# Module 09: *k*-Nearest Neighbors

**Student Name**: [Enter your name here]

**Date**: [Enter the date]

## Overview
The k-Nearest neighbor method is a type of instance based learning that uses existing data, with known labels, to predict the label for a new observation. The purpose of this exercise is to demonstrate the use of k-NN for classification using the [iris dataset](https://en.wikipedia.org/wiki/Iris_flower_data_set). 


## Instructions

#### Use the notebook: `k-NN.ipynb` to perform the following:
Question 1. Load and Inspect the data

Question 2. Perform the k-nn analysis using different values of k.
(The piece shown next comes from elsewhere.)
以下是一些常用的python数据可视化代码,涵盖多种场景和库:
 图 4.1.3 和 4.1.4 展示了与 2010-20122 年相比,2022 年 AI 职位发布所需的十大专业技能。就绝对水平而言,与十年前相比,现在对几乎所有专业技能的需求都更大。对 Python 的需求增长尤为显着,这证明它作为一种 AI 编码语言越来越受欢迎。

Recommend which value is more appropriate and justify your response.

Question 3. Evaluate the prediction accuracy of the k-nn model.

Question 4. Explore different metrics and data partitioning strategies.


### Submission Instructions

The `ipynb` format stores outputs from the last time you ran the notebook.  (When you open a notebook it has the figures and outputs of the last time you ran it too).  To ensure that your submitted `ipynb` file represents your latest code, make sure to give a fresh run `Kernel > Restart & Run All` just before uploading the `ipynb` file.

### Academic Integrity

**Writing your homework is an individual effort.**  You may discuss general python problems with other students but under no circumstances should you observe another student's code which was written for this assignment, from this year or past years.  Pop into office hours or DM us in MS Teams if you have a specific question about your work or if you would like another pair of eyes or talk through your code.

Don't forget to cite websites which helped you solve a problem in a unique way.  You can do this in markdown near the code or with a simple one-line comment. You do not need to cite the official python documentation.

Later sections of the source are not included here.